Петерс убежденно кивнул.
— Вернутся. У них много бензина, много бомб и очень много молодых людей, которым хочется летать.
— Но и у нас много идиотов, которым этого хочется, — сказал Малыш, — чтобы иметь на петлицах что-то вроде магнита [94] . Старухи просто без ума от крылышек.
— Оно так, — сказал Петерс. — Разница в том, что у нас нет самолетов для тех, кто рвется в небо. У них есть.
— От города скоро ничего не останется, — сказал Легионер.
— Это точно, — сказал Петерс. — Потом они начнут бомбить развалины, а когда сравняют их с землей — примутся за то, чего больше не существует, пока ни единой крысы не останется. А потом первым делом высадят парашютистов.
— Хватит об этом, — сказал Легионер, подавая карту Бауэру.
Бауэр засмеялся и бросил свои карты на стол.
— Двадцать одно.
Малыш указал на миску, в которой что-то плавало.
— Что это там? — спросил он, вытягивая шею.
Петерс склонил голову набок.
— Аппендикс. Воспаленный аппендикс.
Малыш встал и уставился с острым любопытством на кусочек кишки. Подозвал свистом пса, который лежал под рентгеновским аппаратом, высунув кончик желтого носа.
— Свинья ты, — сказал Легионер, когда пес проглотил аппендикс.
— Желудок не примет этого, — сказал Петерс. — Пса вырвет.
— Почему? — спросил Малыш.
— Хочешь, поспорим? Литр шнапса против трех моих колбас? — вызывающе спросил Петерс.
— Охотно, — ответил уверенный в победе Малыш. — Раз тебе так хочется расстаться со своей колбасой.

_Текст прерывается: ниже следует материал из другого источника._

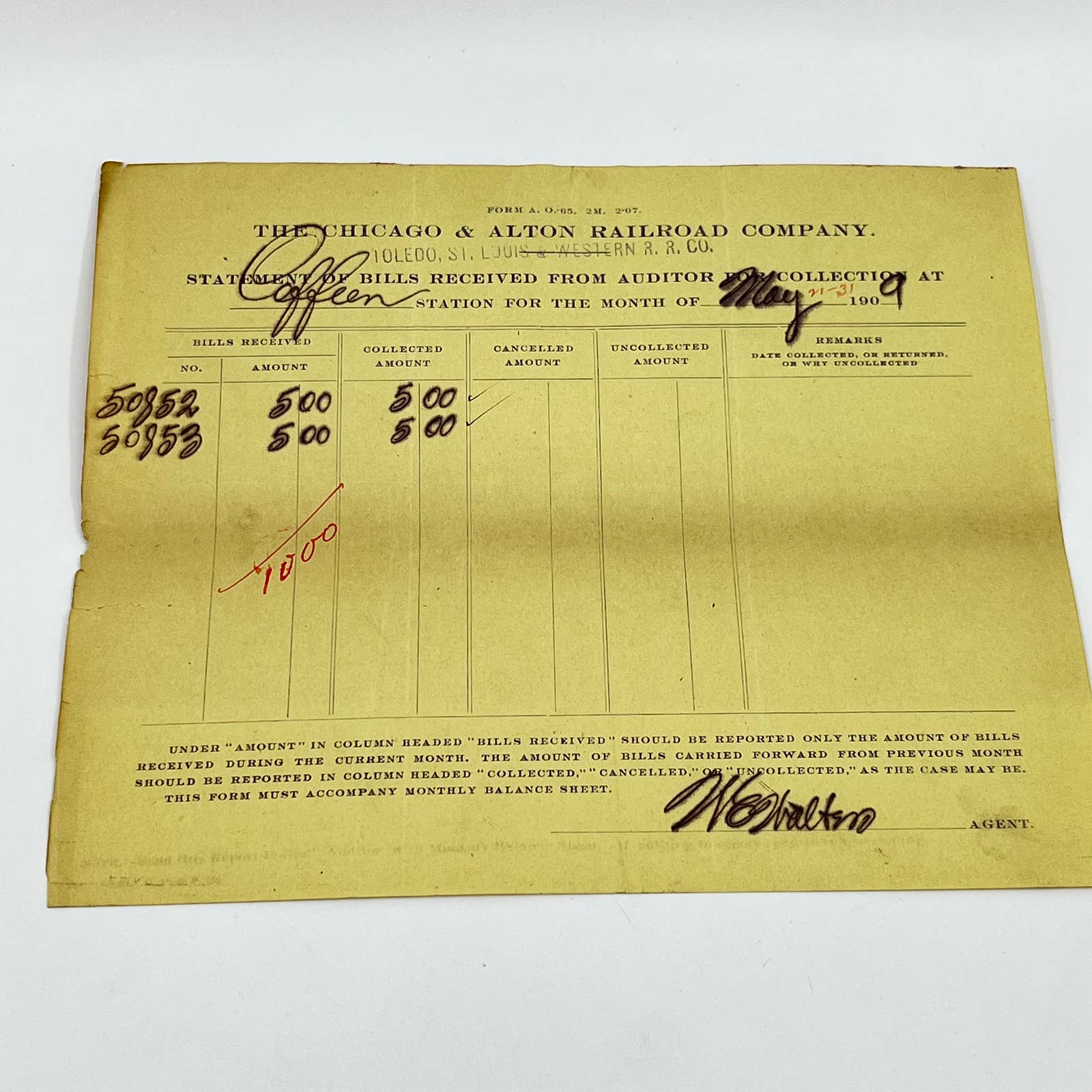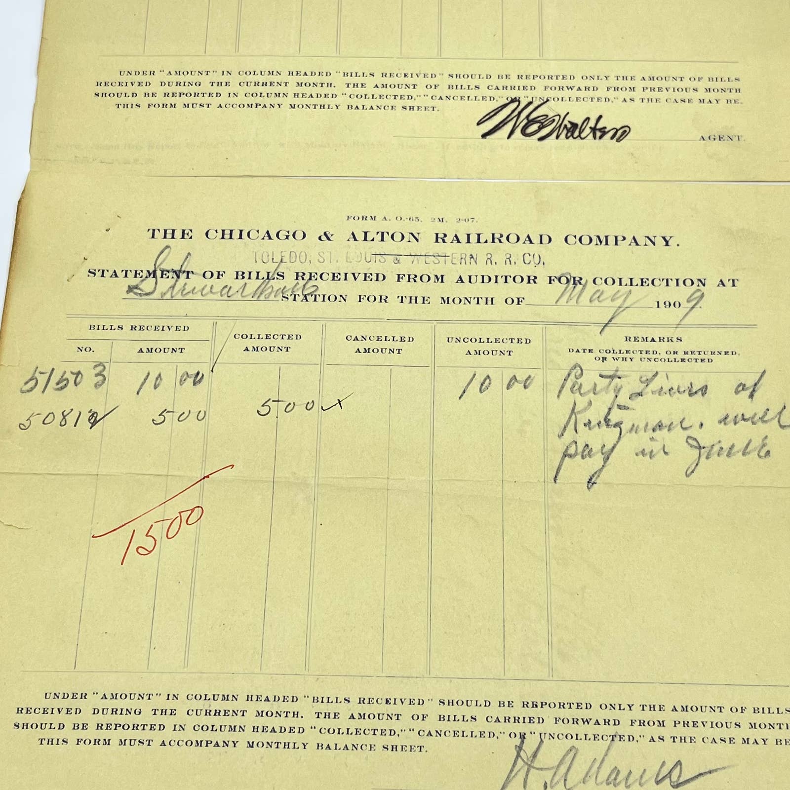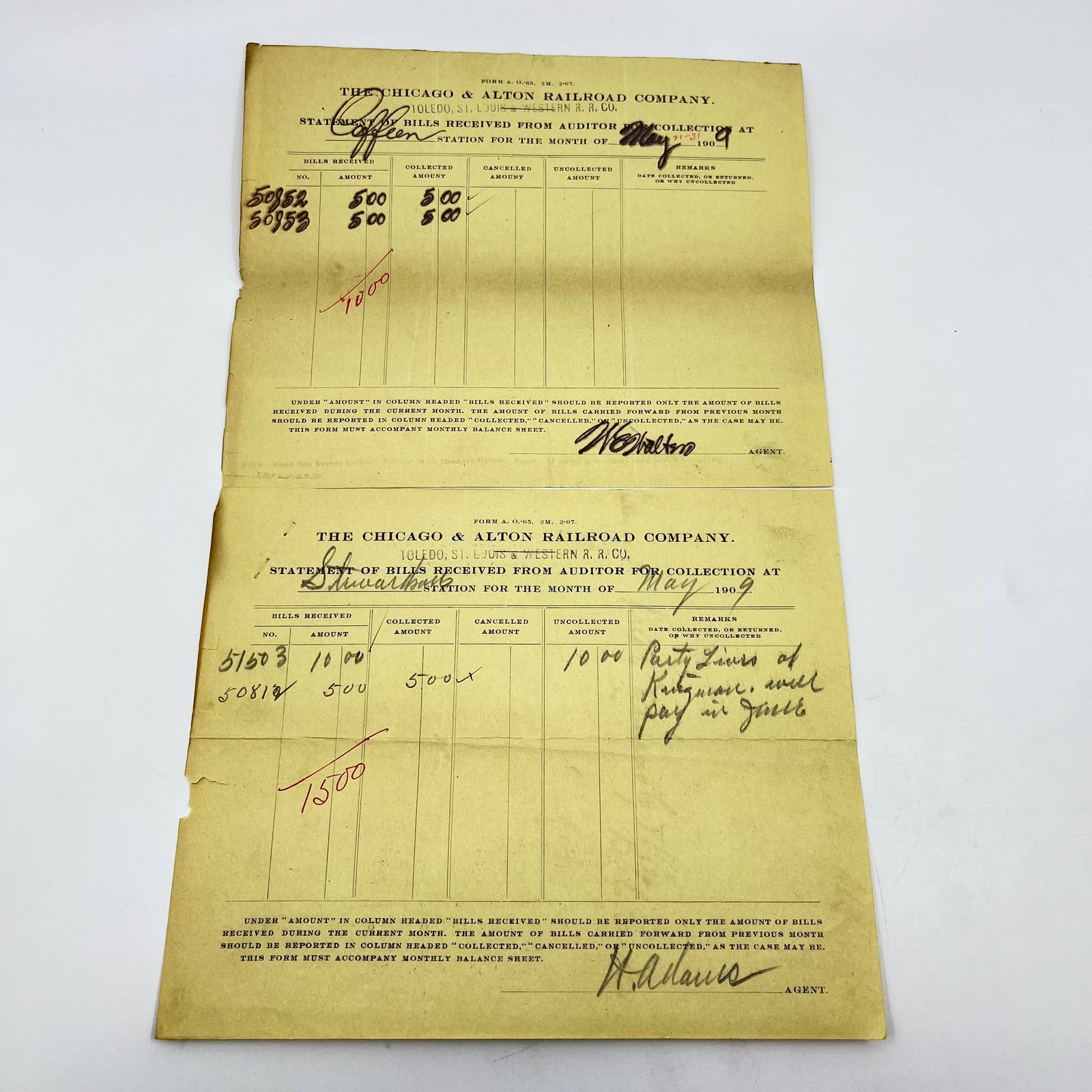 1909 Chicago & Alton Railroad Company Statement of Bills Received Lot of 2 AB1-2
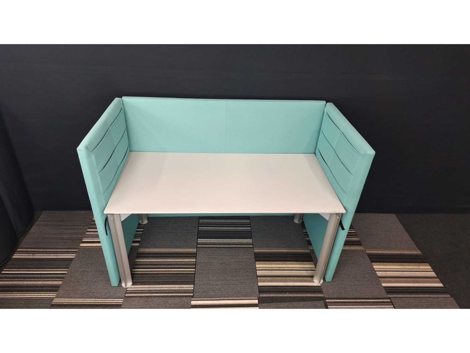 Bureau BULO H2O in hoogte verstelbaar (650 - 800 mm) onderstel in aluminium, blad in HDPE kleur Alu-decor, akoestisch privacy scherm bekleed met stof kleur Turquoise, in zeer goede staat enkel lichte gebruikssporen op werkblad Merk: BULO Type: H2O Kleur: Grijs-Alu-Turqoise Gewicht: 100kg Lengte: 160cm Hoogte: 65-80cm Materiaal: Metaal, aluminium, hout, kunststof, melamine, stof Diepte: 80cm

Они поспорили, и через пять минут пса еще не вырвало. Малыш потребовал колбасу и откусил по куску от каждого батона, словно боялся, что ему недолго ими владеть.
— Проклятая животина, — выругался Петерс и погрозил кулаком желтому псу-дворняге, который лежал в углу и жадно смотрел на жующего Малыша.
Неожиданно пес поднялся. Тело его сотрясла сильная конвульсия — и аппендикс оказался на полу.
— Отдавай колбасы, — радостно крикнул Петерс и потянулся за тем, что оставалось от них. — Он не мог вынести зрелища того, как ты набиваешь желудок.
Малыш густо покраснел. И плюнул в сторону пса.
— Желтая тварь! Сукин сын! Я затолкаю эту дрянь обратно тебе в горло.
И прежде, чем Петерс успел отнять у него последний батон, откусил от него кусок. Потом схватил пса за шиворот и стал тыкать носом в блевотину. Пес неистово сопротивлялся, скребя когтями.
Легионер выругался и попросил его немедленно прекратить.
Петерс в приступе великодушия оставил Малышу один из батонов. И сказал нам, словно по секрету, что в седьмой палате лежит артиллерист, способный есть всевозможных паразитов.
— Ну и ну! Я хочу его видеть, — сказал Бауэр.